Items without a retrieve_id have failed. Olostep does not charge for failed requests, but you still want to log them for review.

Note: For larger batches, the items endpoint returns paginated results. Loop through pages using the cursor and limit query parameters until no cursor is returned. See the Olostep batch documentation for details.

Scheduling and automation

For recurring pipelines, you can schedule this script using standard Python tools. cron is the simplest option for Unix systems. For more control, Apache Airflow or Prefect let you define the pipeline as a DAG with dependency management and monitoring. Olostep also has a /v1/schedules endpoint for recurring scrapes, which means you do not need a separate scheduler.
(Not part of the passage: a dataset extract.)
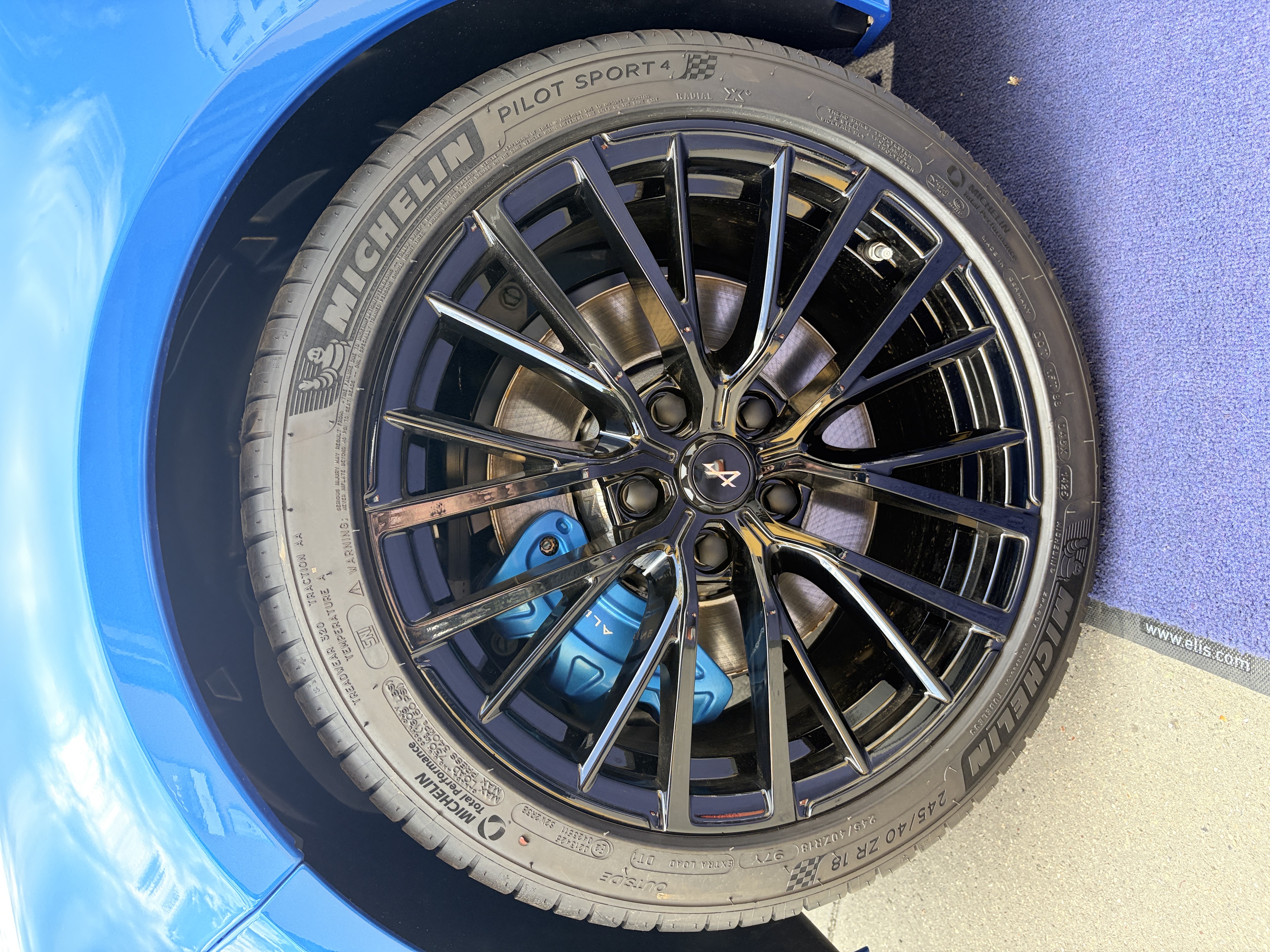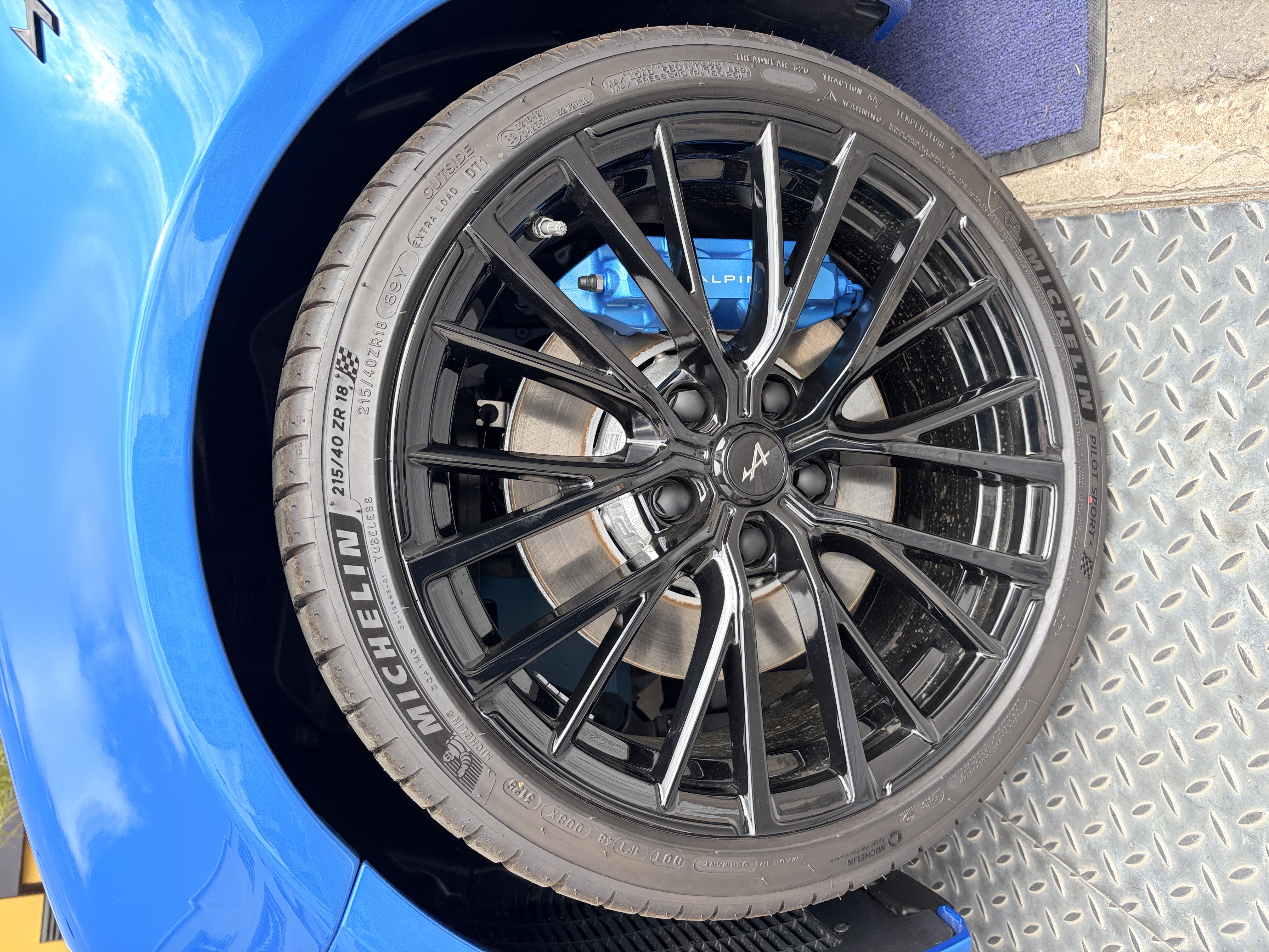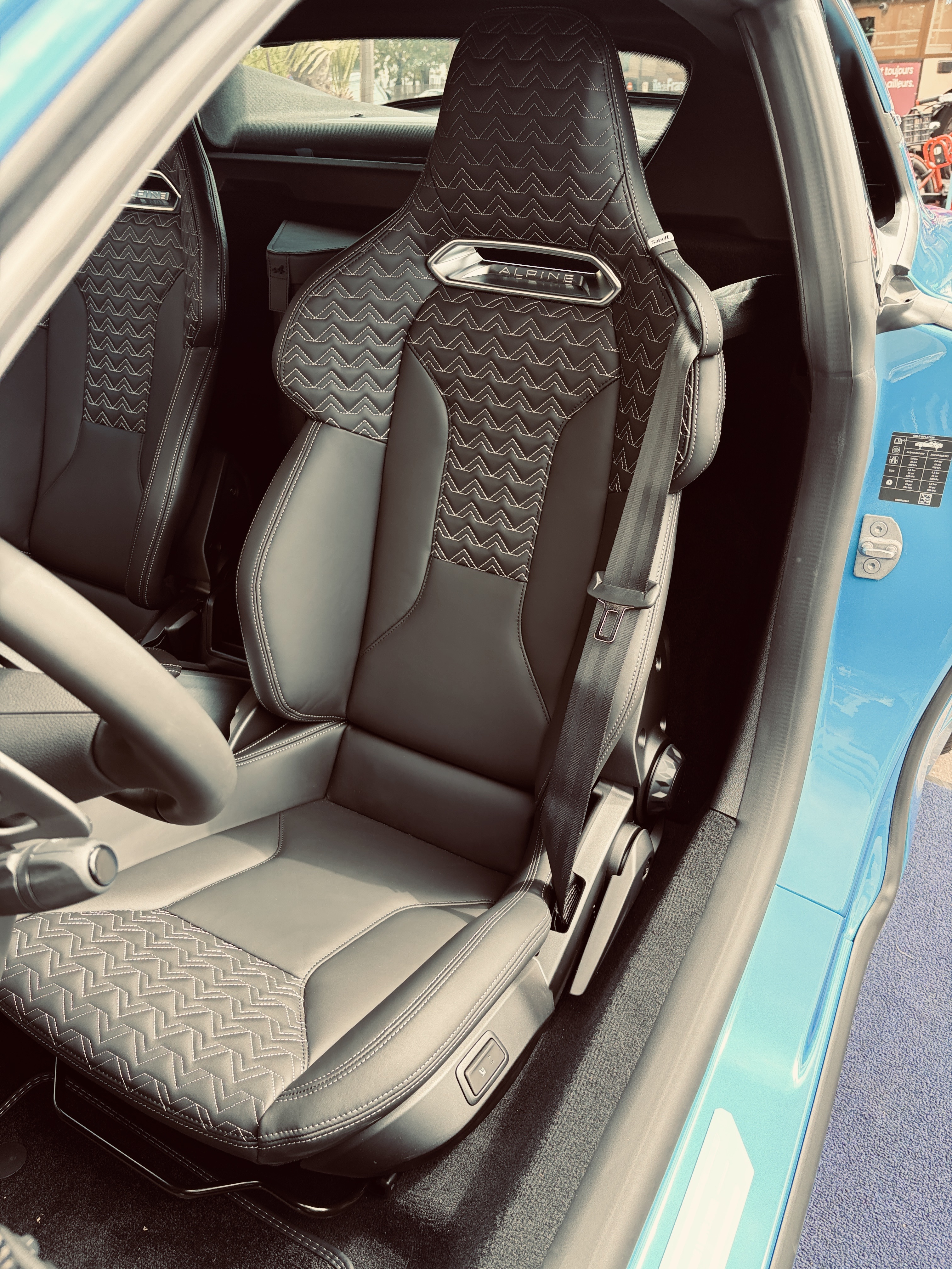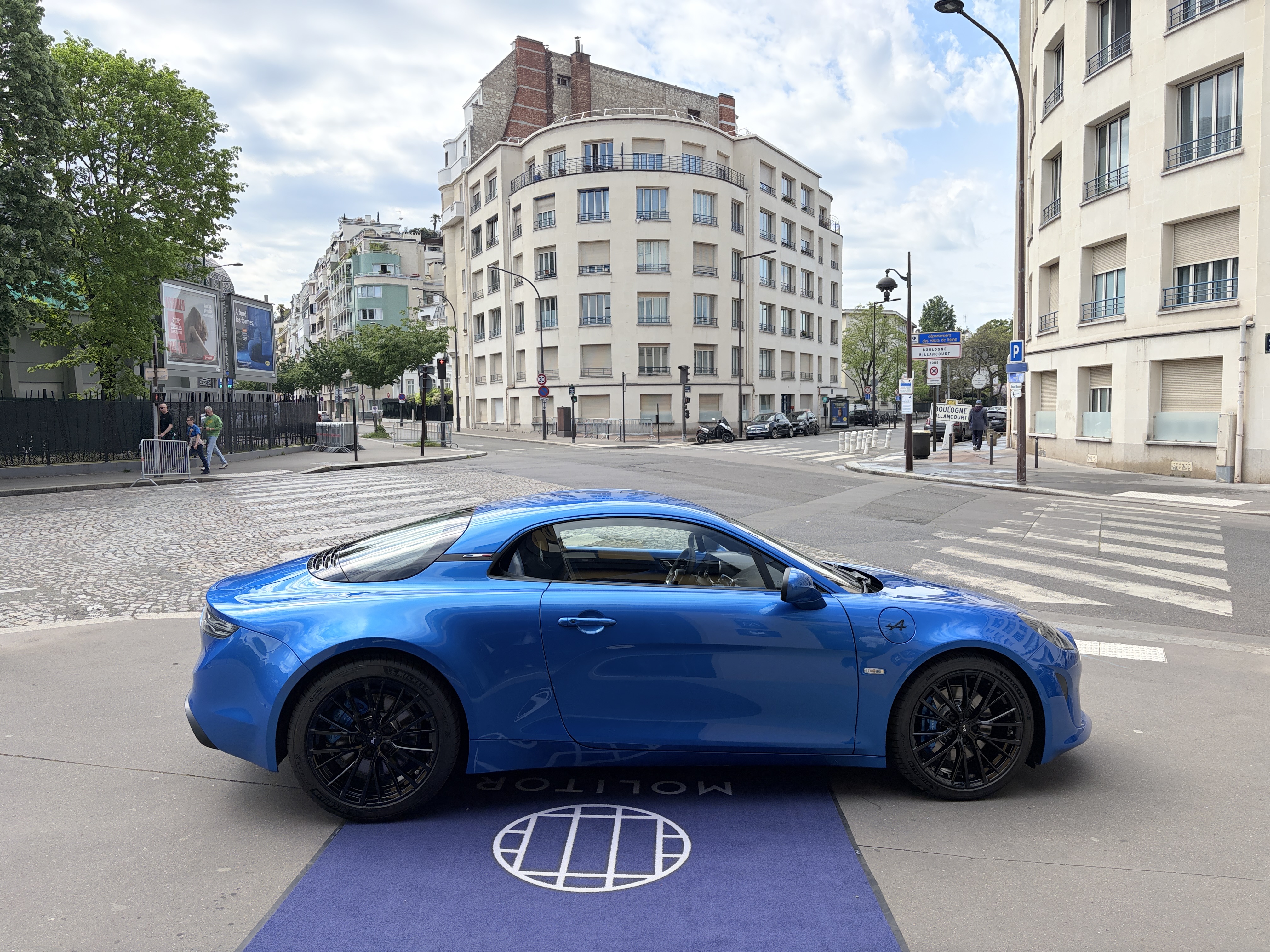 Présentée dans sa livrée iconique Bleu Alpine, elle se distingue par de nombreux rappels de teinte (étriers de freins, centre de volant, drapeaux tricolores), renforçant son caractère exclusif.

Working with Structured JSON Output

Extracting raw Markdown or HTML is useful, but many pipelines need structured data: product names, prices, ratings, dates. Olostep's llm_extract parameter lets you define a JSON schema and get back structured output instead of raw text.

Defining a custom extraction schema

To use structured extraction, add an llm_extract object to your /v1/scrapes request with a schema key. You also need to include "json" in the formats array:

payload = {
    "url_to_scrape": "https://books.toscrape.com/catalogue/a-light-in-the-attic_1000/index.html",
    "formats": ["json"],
    "llm_extract": {
        "schema": {
            "title": {"type": "string"},
            "price": {"type": "string"},
            "availability": {"type": "string"},
            "rating": {"type": "string"}
        }
    }
}

response = requests.post(endpoint, json=payload, headers=headers)
response.raise_for_status()
data = response.json()

The schema is a JSON Schema object where each key defines a field you want extracted, with no CSS selectors or XPath required.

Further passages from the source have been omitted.